What the task requires:
From the first line of the listing below to the line containing "e nos punhos.", write out everything exactly. No pictures.

Source material:
--*--
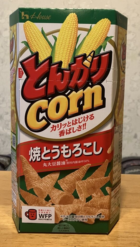 There are several flavors of Tongari-corn. This one is grilled corn flavor. Plain salt, salt vanilla, and honey butter flavors are also available.
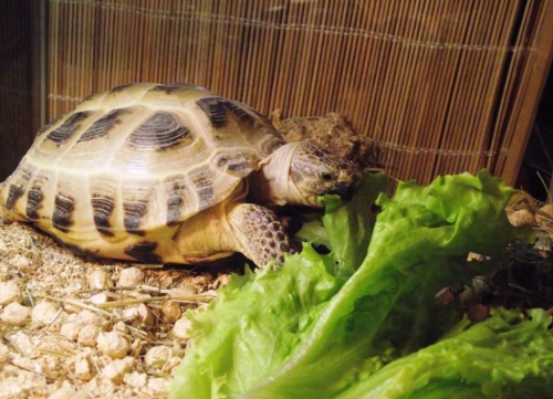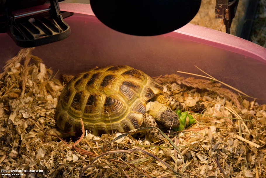 За час-полтора до кормления животное, содержащееся в квартире на «вольном выпасе», необходимо поместить под нагреватель, чтобы «разогреть» черепаху. Лучше, если тепловые ванны будут длиться весь световой день.
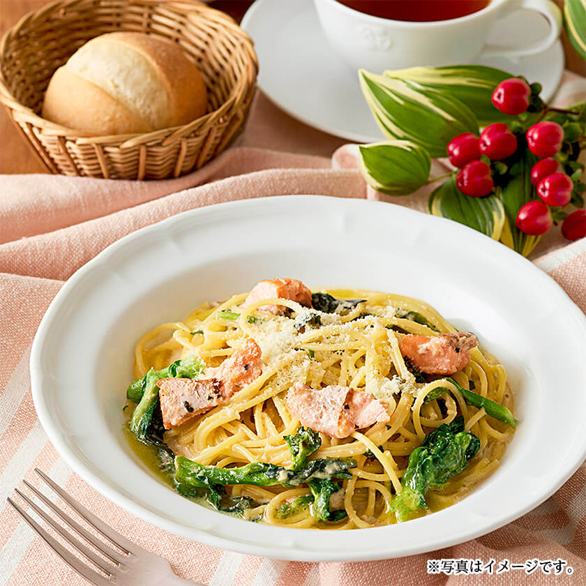 明太子にアンチョビ、パルメザンチーズを加えたソースに、サーモンと菜の花を合わせました。
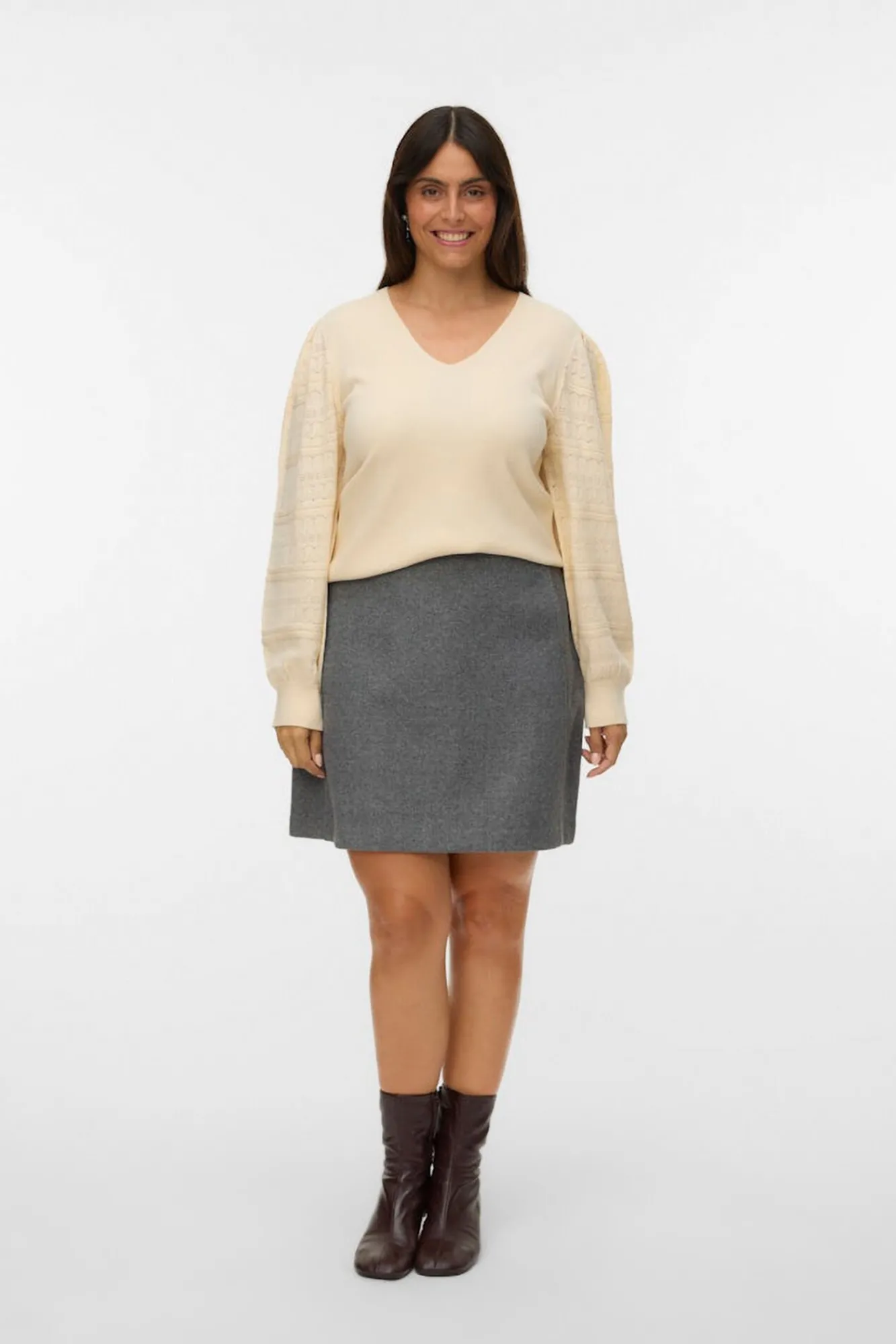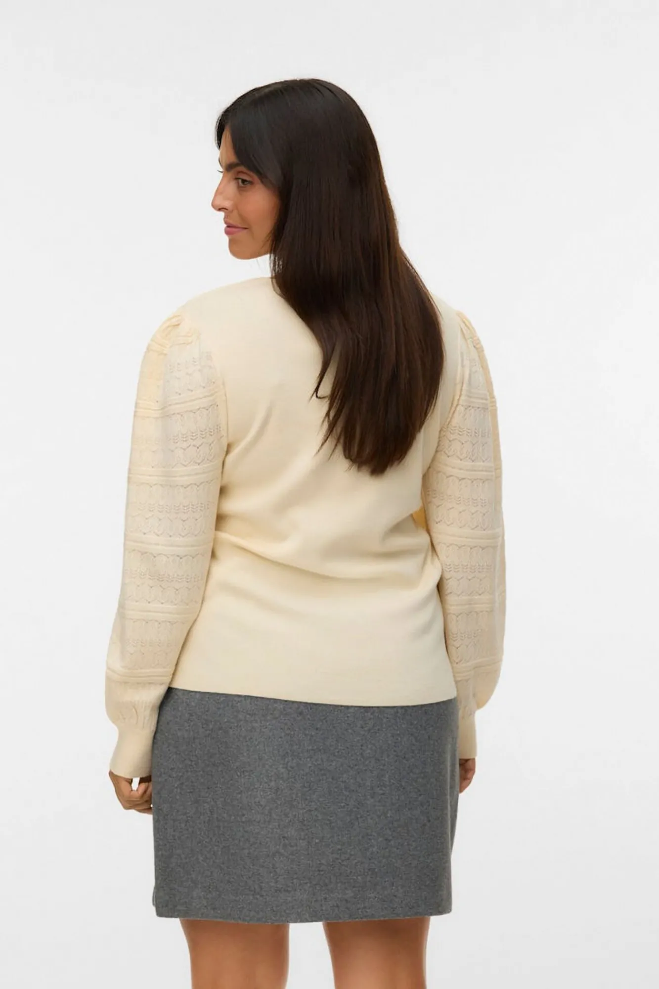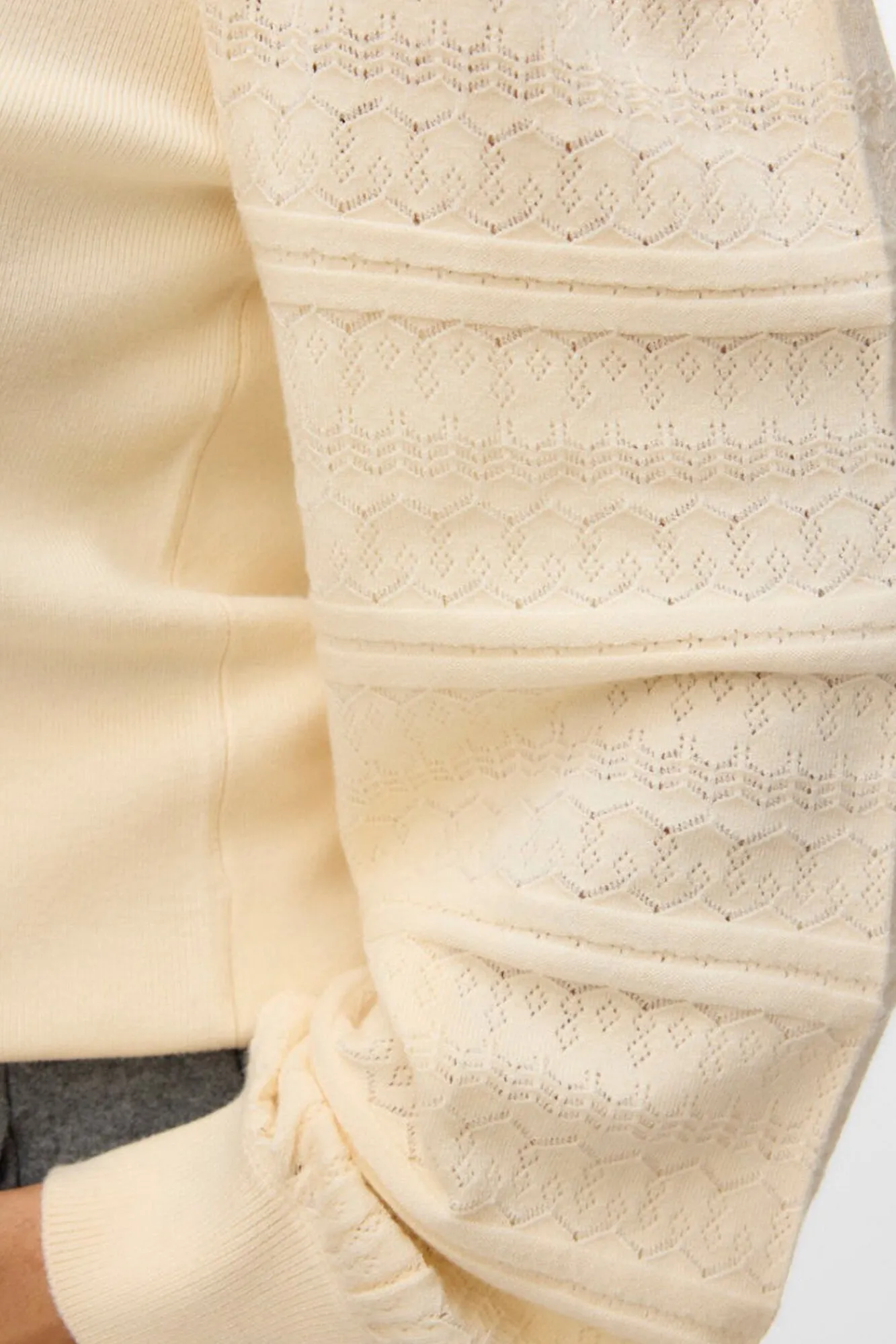 – Gola redonda e detalhe de acabamento na gola e nos punhos.
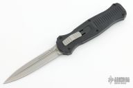"Introducing an OTF like none-other.. The new Infidel® is rapidly making believers out of many a skeptic. Built for strength and reliability the patent pending double-action mechanics get it done over the long haul. Grab on and you will find the handle grip rock-solid with its patented machined in Presidio® style bi-directional tread pattern, and overall generous sizing for gloved hands. Intuitively pressure the release-slide forward and its spear-point edged steel fires and locks up with a unique three-point retention system with amazingly negligible blade play. Reverse the process and the blade retracts in a rapid blur of motion. The Benchmade Infidel is a special operator’s fantasy come true." Light scuffs are visible on the frame otherwise the knife is in Excellent condition.
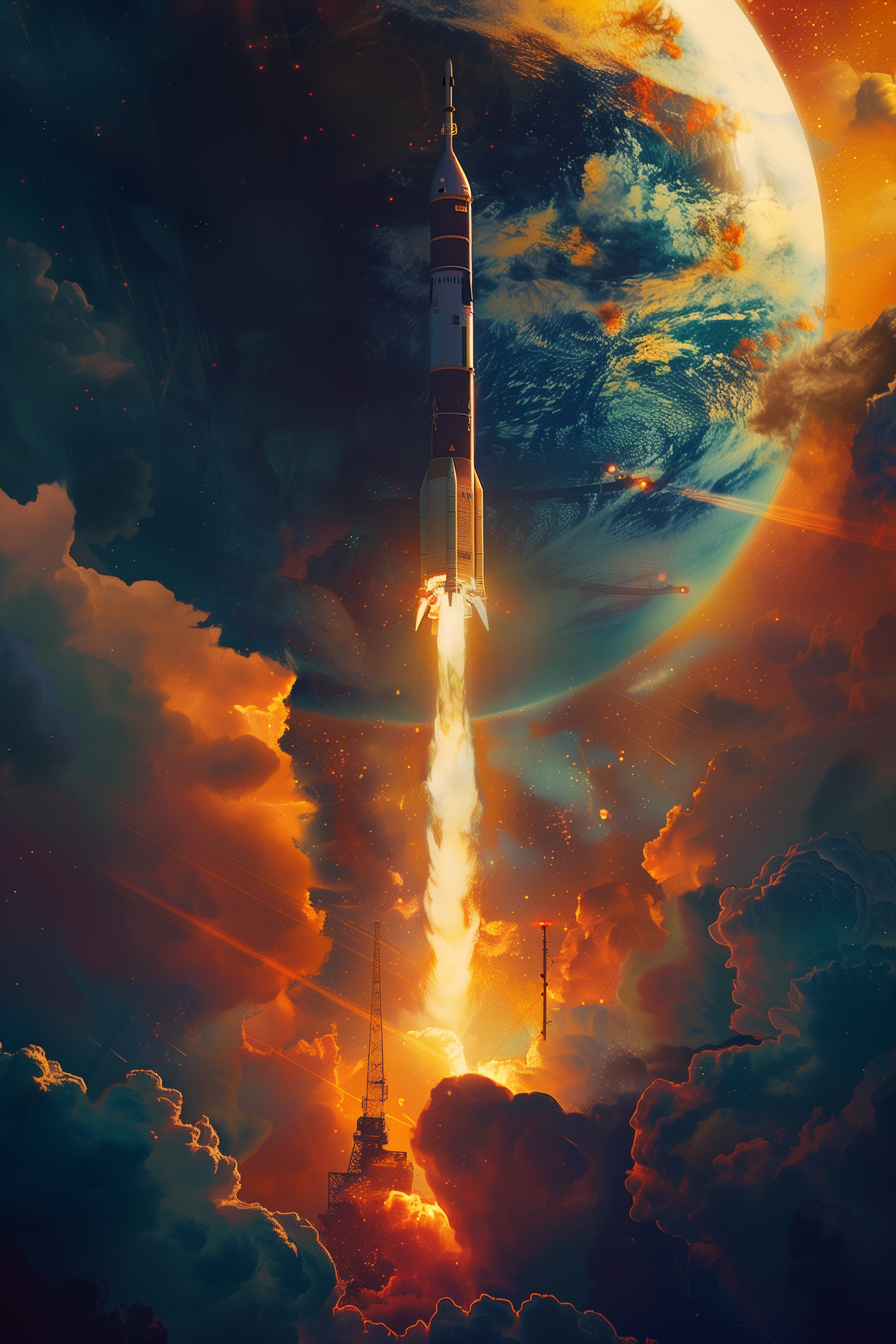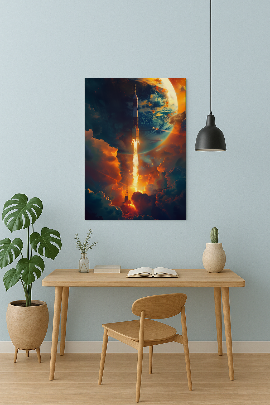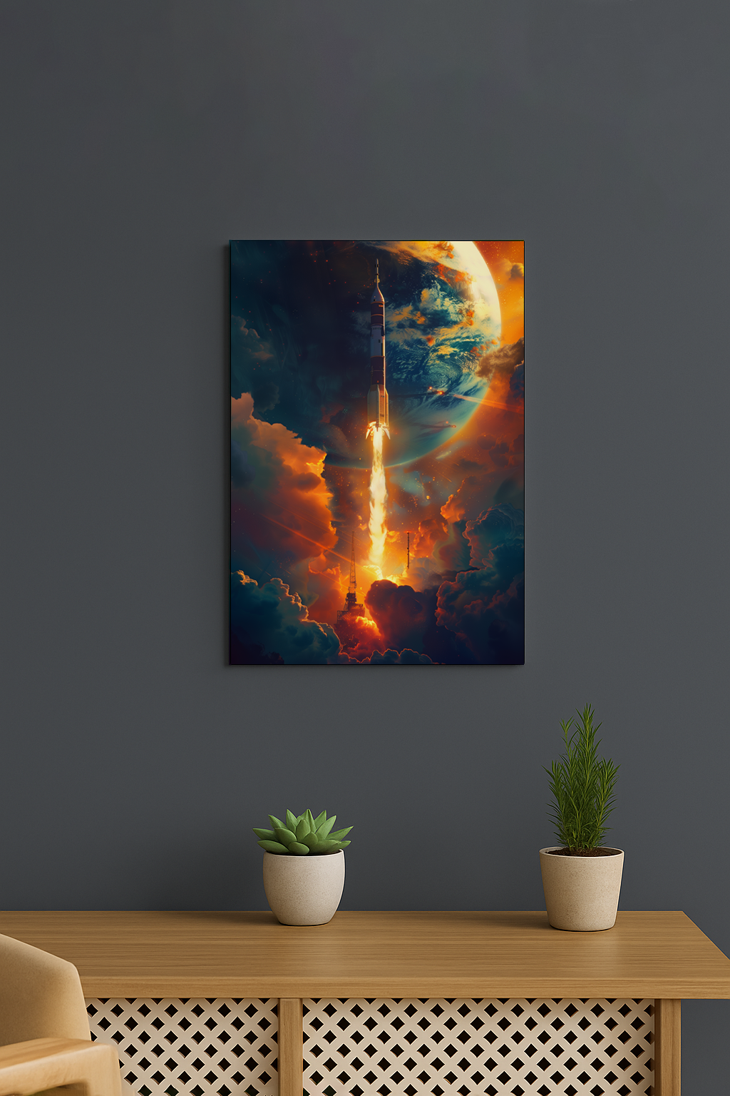 An epic cinematic sci-fi artwork capturing a rocket breaking through storm clouds into the vastness of space. Dramatic orange and blue lighting, towering clouds, and a looming planet create a powerful sense of scale, ambition, and exploration. A bold statement piece for modern interiors, offices, or creative spaces.
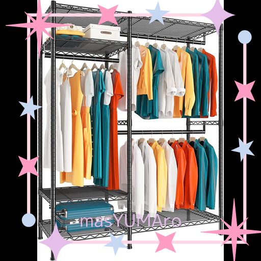 ■KANOUHOPE ワードローブ ハンガーラック コートハンガー 衣類収納 省スペース コート掛け 棚板高さ調節 大容量 棚付き おしゃれ (ブラッ
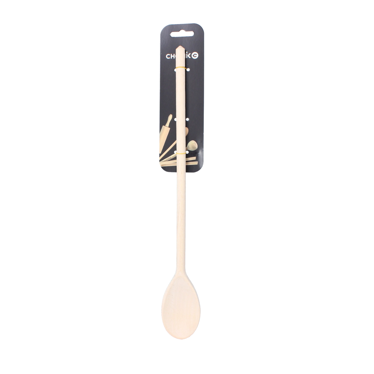 Praktisk svensk træske på 40 cm, perfekt til daglig madlavning. Takket være længden og den ergonomiske form tilbyder den behagelig omrøring, opskubning og smagning. Den er lavet af naturligt bøgetræ, som er skånsomt mod køkkengrej og sikkert til kontakt med fødevarer – ideel også til teflon- og keramiske overflader.
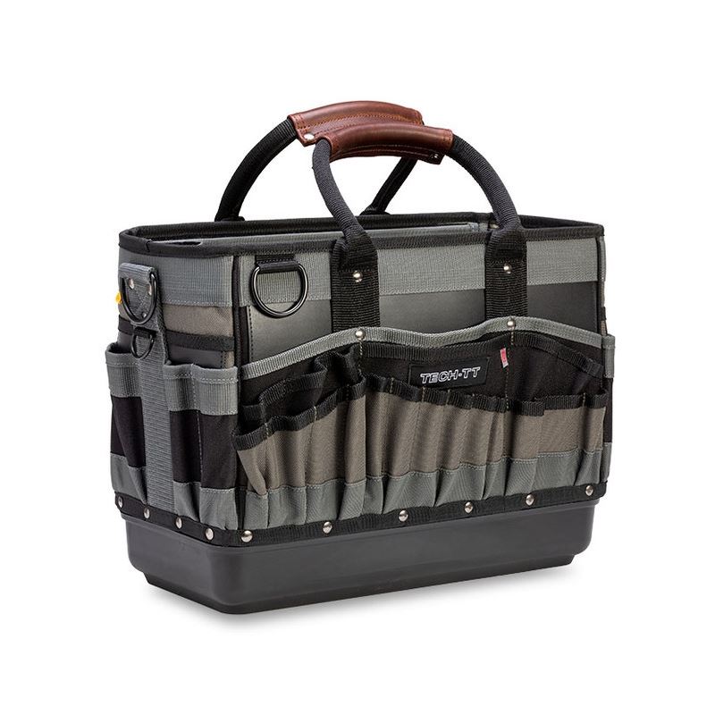 The TECH-TT provides two exterior shop walls of tool storage along with open access to all interior tool pockets keeping gear visible and accessible. Built on a waterproof plastic base the TECH-TT is designed for any tradesperson or technician to quickly store hand tools in vertical pockets as well as larger tools in the center bulk storage section of the bag. The two removable V SWAP pocket panels are included with your purchase and enable customizing the interior for creating more or less bulk storage capacity. You may purchase additional panels as you like to accommodate more arrangements. A tape measure, small driver or Veto pouch can attach to the stainless mounting clip
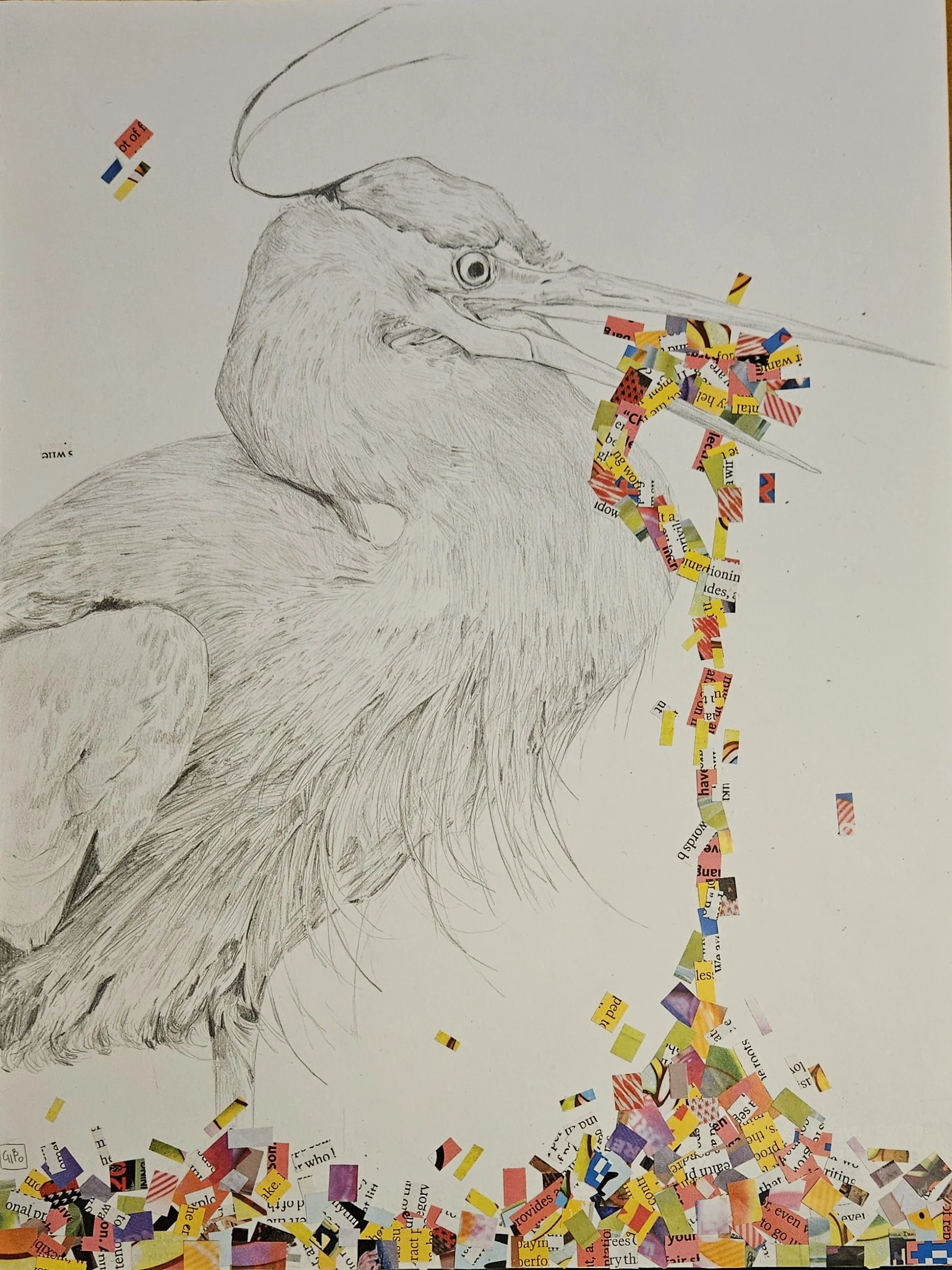 23.0 cm x 30.5 cmThis piece intends to convey the relationship between nature and humanity, specifically commenting on plastic pollution in aquatic ecosystems which is detrimental to the health of organisms residing in these habitats. Oftentimes, avian organisms in these biomes are discovered with plastic waste filling their guts. This piece conveys this issue in a critical lens through using vibrant consumerist magazine clippings to symbolize this waste and contrast the simplistic Great Blue Heron.
--*--
Solution:
 There are several flavors of Tongari-corn. This one is grilled corn flavor. Plain salt, salt vanilla, and honey butter flavors are also available.
 За час-полтора до кормления животное, содержащееся в квартире на «вольном выпасе», необходимо поместить под нагреватель, чтобы «разогреть» черепаху. Лучше, если тепловые ванны будут длиться весь световой день.
 明太子にアンチョビ、パルメザンチーズを加えたソースに、サーモンと菜の花を合わせました。
 – Gola redonda e detalhe de acabamento na gola e nos punhos.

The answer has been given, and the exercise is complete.